----- DATA EXTRACTS -----

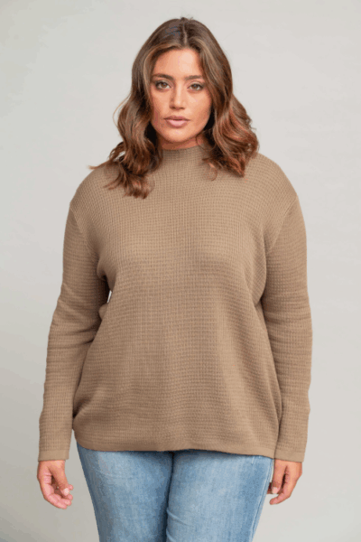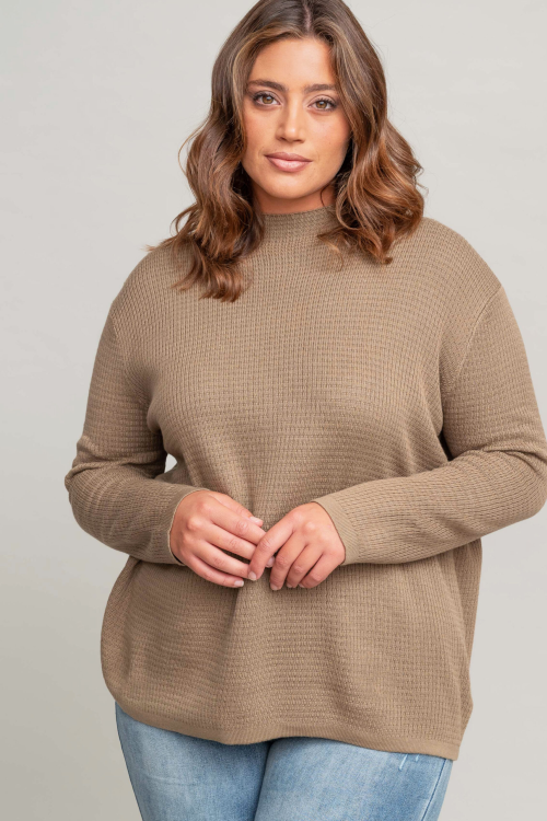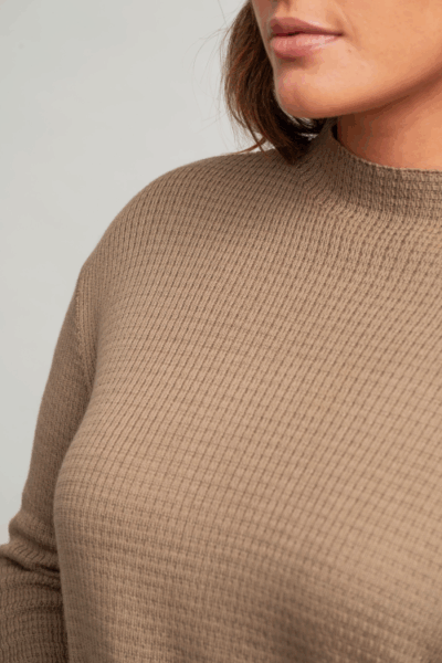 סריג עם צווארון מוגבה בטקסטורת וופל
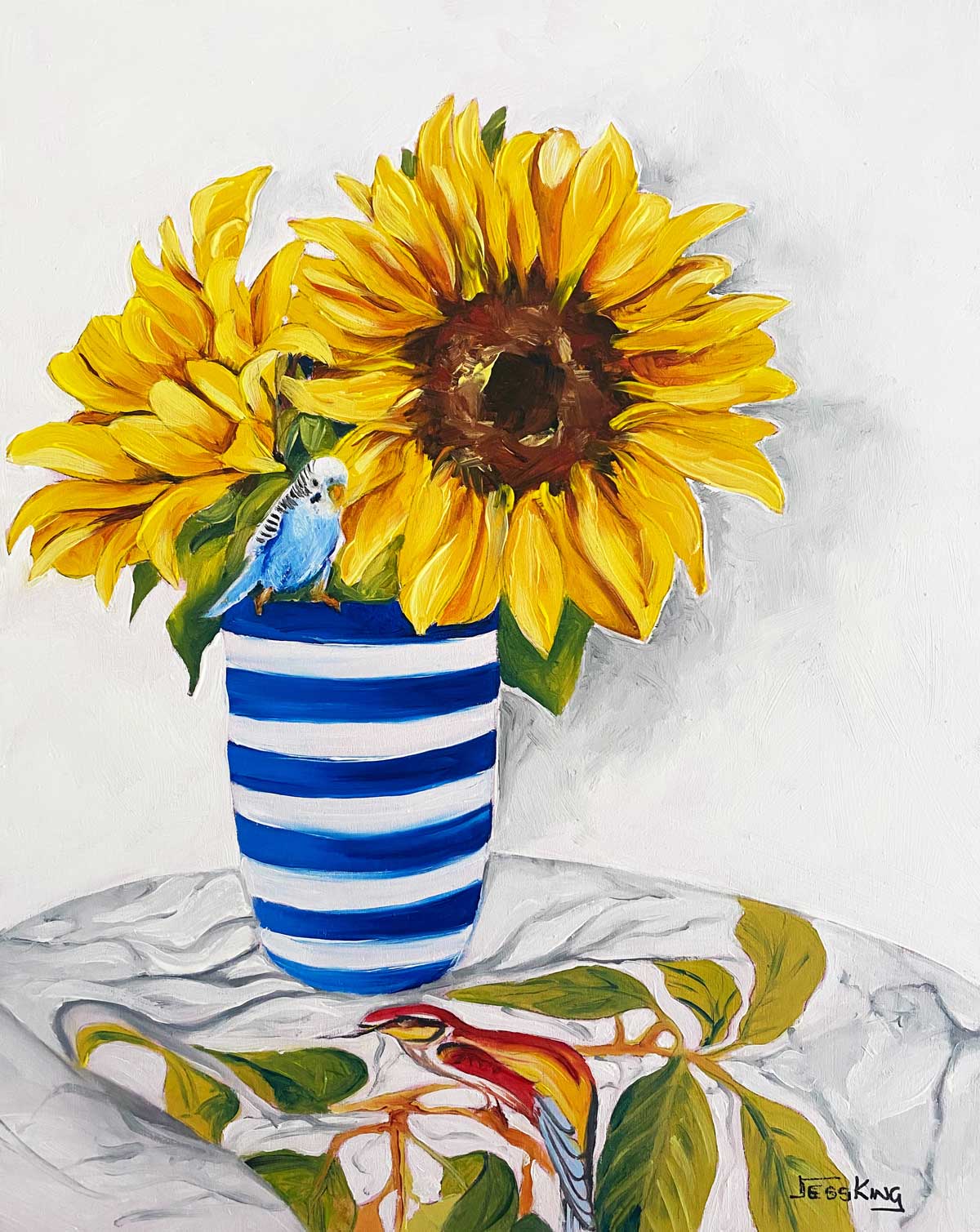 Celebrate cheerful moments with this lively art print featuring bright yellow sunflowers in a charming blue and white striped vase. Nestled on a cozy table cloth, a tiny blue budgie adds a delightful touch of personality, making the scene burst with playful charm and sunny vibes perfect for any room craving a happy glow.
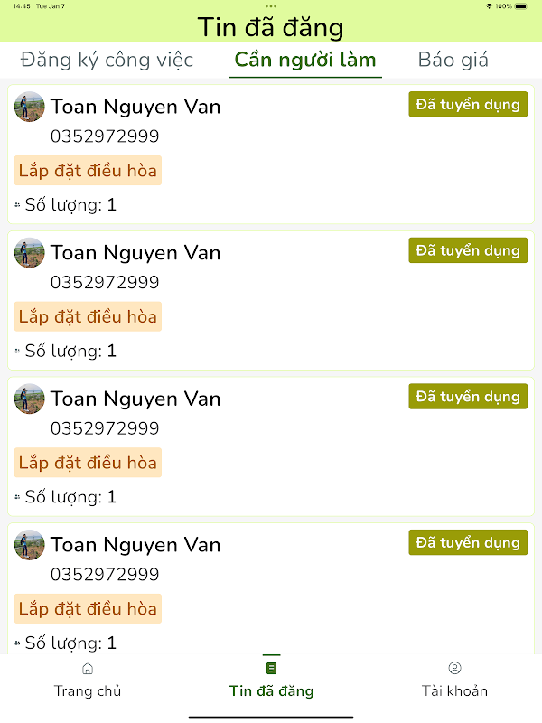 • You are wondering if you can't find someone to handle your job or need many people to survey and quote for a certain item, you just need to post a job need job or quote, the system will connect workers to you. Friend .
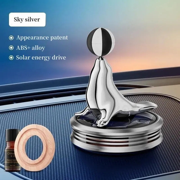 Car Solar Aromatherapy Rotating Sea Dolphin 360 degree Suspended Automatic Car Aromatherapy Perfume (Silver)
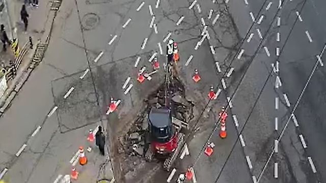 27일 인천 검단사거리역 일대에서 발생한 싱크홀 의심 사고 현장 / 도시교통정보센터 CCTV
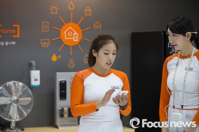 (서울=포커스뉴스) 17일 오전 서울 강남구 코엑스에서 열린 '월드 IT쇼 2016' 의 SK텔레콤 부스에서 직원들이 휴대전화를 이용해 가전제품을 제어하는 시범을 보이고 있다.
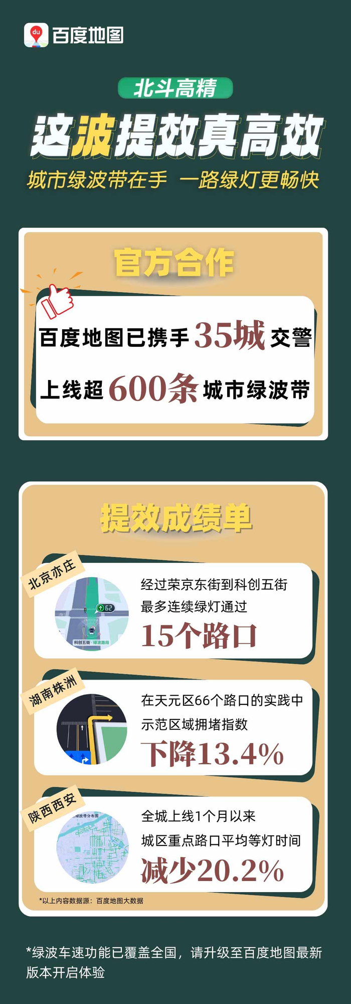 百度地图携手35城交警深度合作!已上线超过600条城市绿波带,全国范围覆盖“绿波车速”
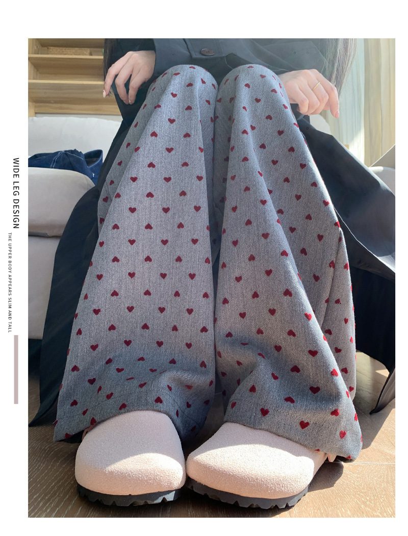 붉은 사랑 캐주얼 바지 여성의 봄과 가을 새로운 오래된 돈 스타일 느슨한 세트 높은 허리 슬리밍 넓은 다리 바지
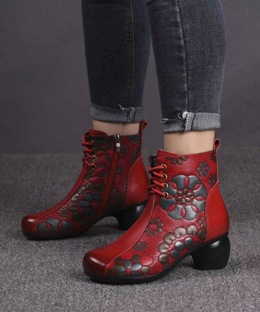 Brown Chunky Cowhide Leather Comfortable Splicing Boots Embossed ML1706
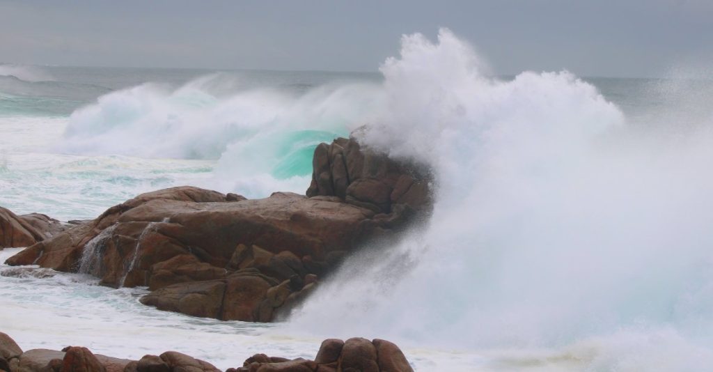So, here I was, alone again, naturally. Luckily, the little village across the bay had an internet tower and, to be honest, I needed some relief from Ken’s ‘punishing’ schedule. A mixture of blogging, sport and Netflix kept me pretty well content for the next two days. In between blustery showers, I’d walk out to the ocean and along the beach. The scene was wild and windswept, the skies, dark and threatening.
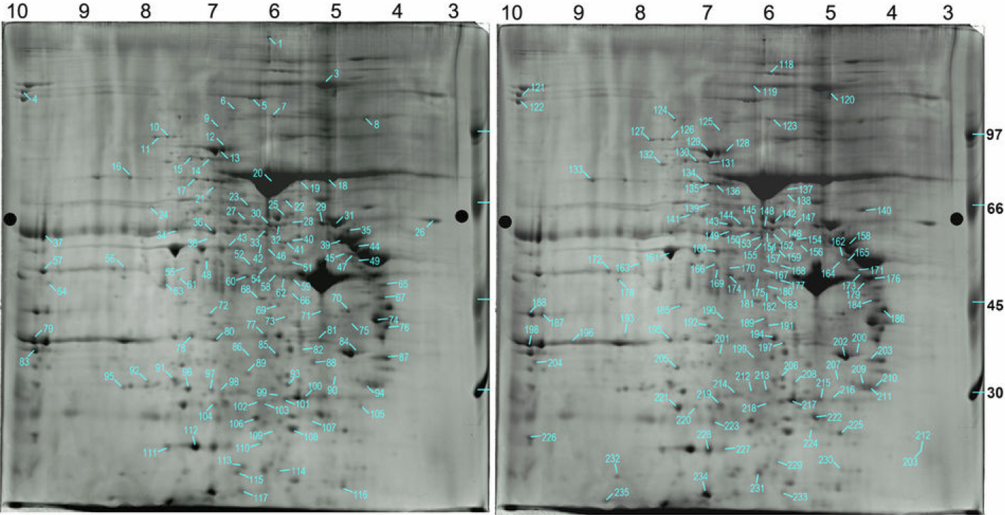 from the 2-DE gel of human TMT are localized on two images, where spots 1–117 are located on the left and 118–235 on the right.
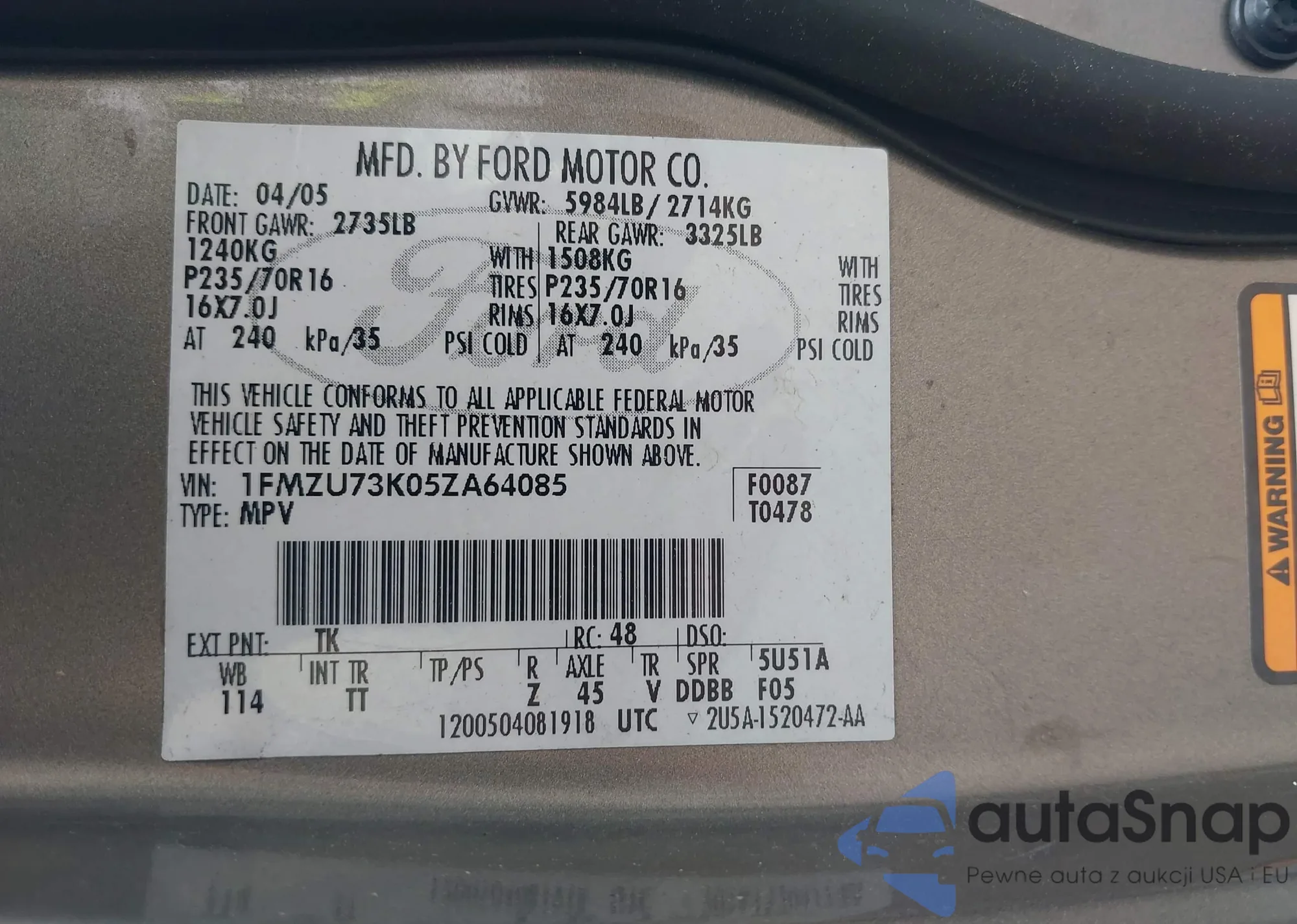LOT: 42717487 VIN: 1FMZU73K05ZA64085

-----

- WHAT YOU SHOULD DO: Every line above should be transcribed word for word; leave the pictures out.

- ANSWER TO THIS TASK:
 סריג עם צווארון מוגבה בטקסטורת וופל
 Celebrate cheerful moments with this lively art print featuring bright yellow sunflowers in a charming blue and white striped vase. Nestled on a cozy table cloth, a tiny blue budgie adds a delightful touch of personality, making the scene burst with playful charm and sunny vibes perfect for any room craving a happy glow.
 • You are wondering if you can't find someone to handle your job or need many people to survey and quote for a certain item, you just need to post a job need job or quote, the system will connect workers to you. Friend .
 Car Solar Aromatherapy Rotating Sea Dolphin 360 degree Suspended Automatic Car Aromatherapy Perfume (Silver)
 27일 인천 검단사거리역 일대에서 발생한 싱크홀 의심 사고 현장 / 도시교통정보센터 CCTV
 (서울=포커스뉴스) 17일 오전 서울 강남구 코엑스에서 열린 '월드 IT쇼 2016' 의 SK텔레콤 부스에서 직원들이 휴대전화를 이용해 가전제품을 제어하는 시범을 보이고 있다.
 百度地图携手35城交警深度合作!已上线超过600条城市绿波带,全国范围覆盖“绿波车速”
 붉은 사랑 캐주얼 바지 여성의 봄과 가을 새로운 오래된 돈 스타일 느슨한 세트 높은 허리 슬리밍 넓은 다리 바지
 Brown Chunky Cowhide Leather Comfortable Splicing Boots Embossed ML1706
So, here I was, alone again, naturally. Luckily, the little village across the bay had an internet tower and, to be honest, I needed some relief from Ken’s ‘punishing’ schedule. A mixture of blogging, sport and Netflix kept me pretty well content for the next two days. In between blustery showers, I’d walk out to the ocean and along the beach. The scene was wild and windswept, the skies, dark and threatening.
 from the 2-DE gel of human TMT are localized on two images, where spots 1–117 are located on the left and 118–235 on the right.
LOT: 42717487 VIN: 1FMZU73K05ZA64085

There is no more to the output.